Charles Manson Today: The Final Confessions of a Psychopath

And now, here sits Charlie in jail, where he has sat for so long, saying the same thing he’s said basically since the beginning. He didn’t tell Tex to go kill anyone (“I didn’t direct anyone to do a motherfucking thing”), he’s innocent (“I never killed anyone!”), there was no Family (“Bug made that up!”), he was no leader (“Go for what you know, baby; we’re all free here.
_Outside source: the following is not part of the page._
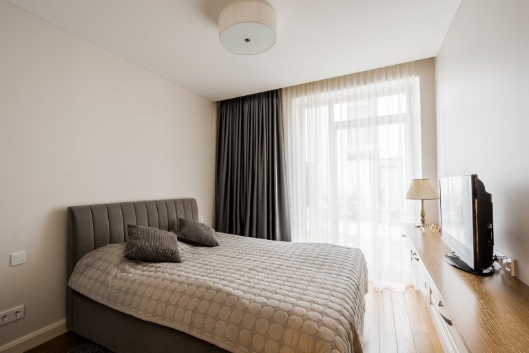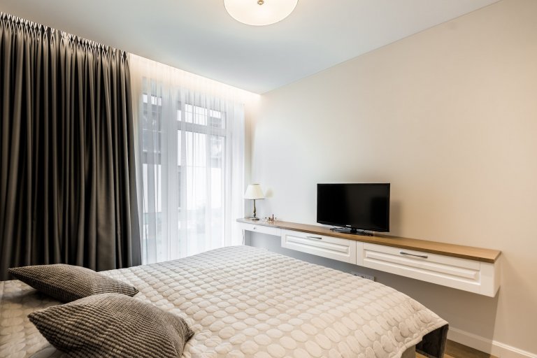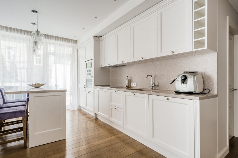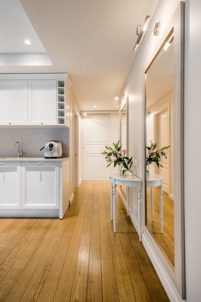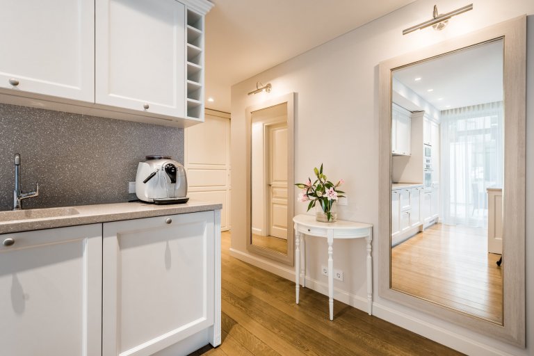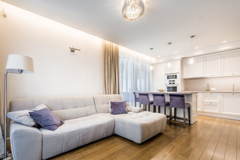 V hlavním městě Litvy, Vilniusu, vznikl interiér laděný do rustikálního stylu, s puncem luxusu. Kombinuje zdobné elegantní prvky s moderním vybavením a má svou jedinečnou atmosféru. Bíle lakované frézované dveře, zdobné lišty, nebo soustružené části nábytku, jsou typickými prvky rustikálního stylu.

I’m nobody’s boss!”), Helter Skelter wasn’t what Bugliosi said it was (“Man, that doesn’t even make insane sense!”), he was wrongly denied the right to act as his own attorney during the trial (“I wanted my rights!”), and the government owes him $50 million “and Hearst Castle, for 45 years of bullshit,” and none of this is important anyway, given what we are doing to our air, our trees, our water, our animals, the saving of which he sometimes puts on display as a good enough reason alone for what happened at the Tates’ and LaBiancas’, regardless of his involvement.
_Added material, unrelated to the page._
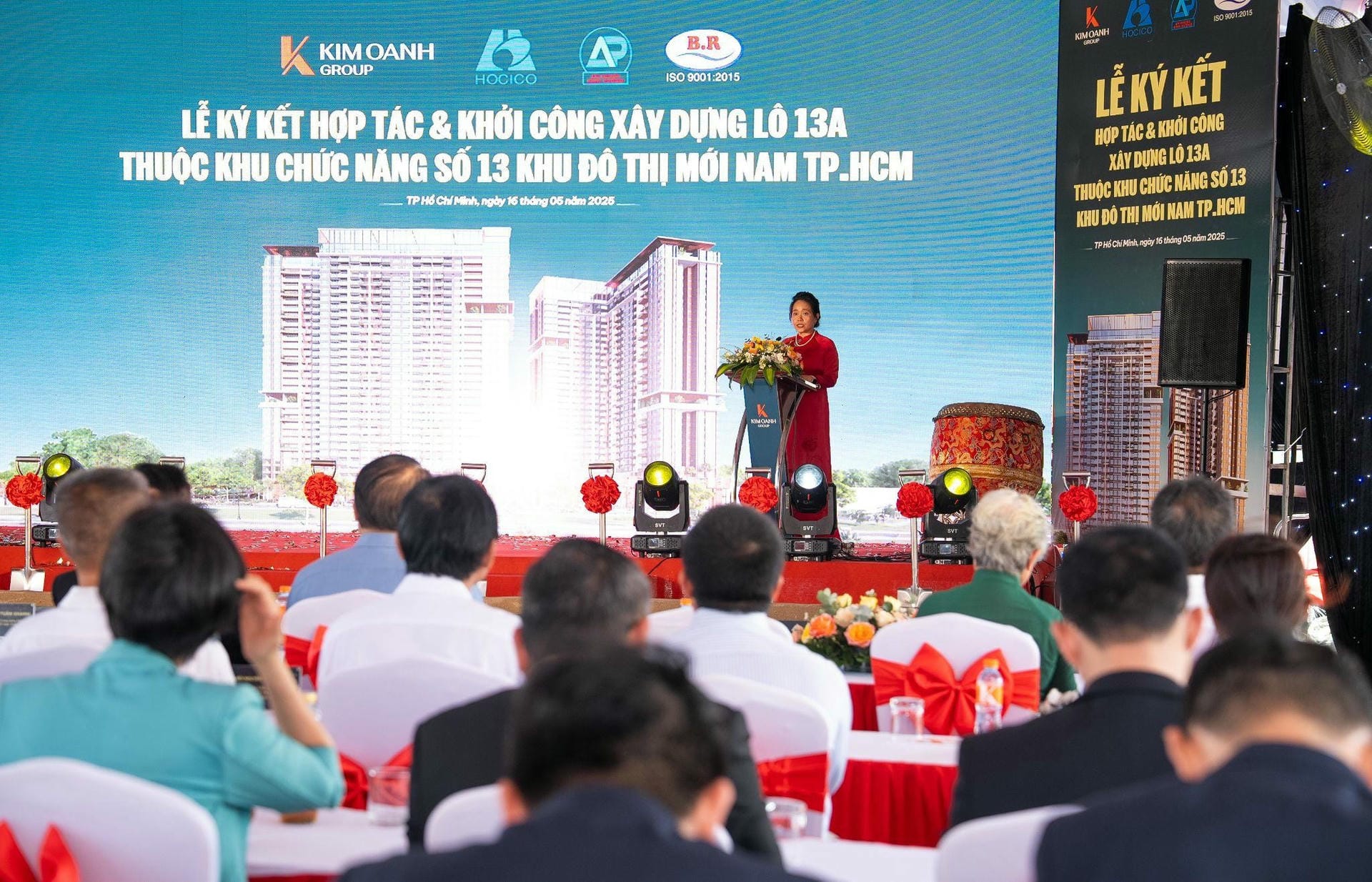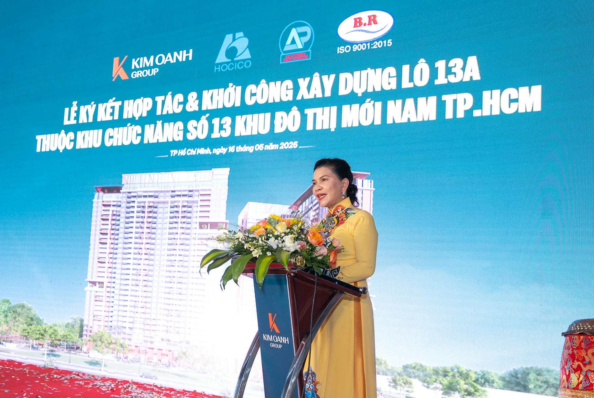 Phát biểu tại sự kiện, bà Đặng Thị Kim Oanh – Chủ tịch HĐQT, Tổng giám đốc Kim Oanh Group – phát biểu: “Việc hợp tác giữa Kim Oanh Group và Công ty cổ phần Xây dựng công trình và Đầu tư địa ốc Hồng Quang đánh dấu bước tiến quan trọng trong việc thúc đẩy phát triển đô thị tại Lô 13A thuộc khu chức năng số 13 khu đô thị mới Nam TP.HCM. Đồng thời, đây cũng là bước đi chiến lược của Kim Oanh Group trong việc tập trung phát triển các dự án nhà ở chất lượng, phù hợp với nhu cầu ở thực và khả năng tài chính của người dân TP.HCM nói riêng và khu vực phía Nam nói chung”.

“Look, here’s how that works,” he says. “You take a baby and” – here he says something truly awful about what you could do to that baby, worse beyond anything you could imagine – “and it dies,” and here he says something equally wretched. Then he goes on, “I know what you’re thinking. I can see your brain rattling and running back and forth. But what happens when that baby dies?” He breathes in and he breathes out, he breathes in and he breathes out. “A dog would have done it, kill to take another breath. So, was it wrong to do it to those people?” And it’s at moments like these that you realize prison is the only place for him, and hope to hell he never puts his hand on your skin again.

manson 0Visits with Charlie are always taxing for Star, and she takes it easy driving the two miles from his door back to her own. It used to be she’d make the trip with a tall, gaunt, spooky-looking guy named Gray Wolf, 64, a Manson believer from the Spahn Ranch days who carved an X into his forehead at the same time Star did, but earlier this year he was arrested for attempting to smuggle a cellphone into prison for Charlie, and there went his visitation rights, leaving Charlie’s weekend companionship almost all up to this slight, doily-thin girl.

How she got here is pretty much like how many of the Spahn Ranch girls got to where they were going, too, as a reaction to the world around them and how it made them feel. She grew up on the Mississippi River, near St. Louis, had an early fondness for I Love Lucy, had parents who were deeply religious and disliked all her friends. “They thought I was turning into a hippie,” she says. “I was smoking marijuana, eating mushrooms, not wanting to go to church every Sunday, not wanting to marry a preacher. They are Christian Baptist and wanted me to be a preacher’s wife.” To keep her out of trouble, they would lock her in her room, which is where she spent a good portion of her high school years. And, like Charlie, she found a way to coexist with such solitary confinement. “I’ve never been lonely since those times when I got used to being alone.” Then one day, a friend gave her a sheet of paper with some of Charlie Manson’s words on it about the environment. She’d never heard of Manson, but she liked what he had to say – “Air is God, because without air, we do not exist” – and began writing to him. After their correspondence took off, she put her nose to the grindstone, saved up $2,000 while working in a retirement-home kitchen and in 2007, stuffed all the belongings she could into a backpack and took a train to Corcoran. And soon enough, Charlie nicknamed her Star, just as he had once named Squeaky (Red) and Sandy (Blue).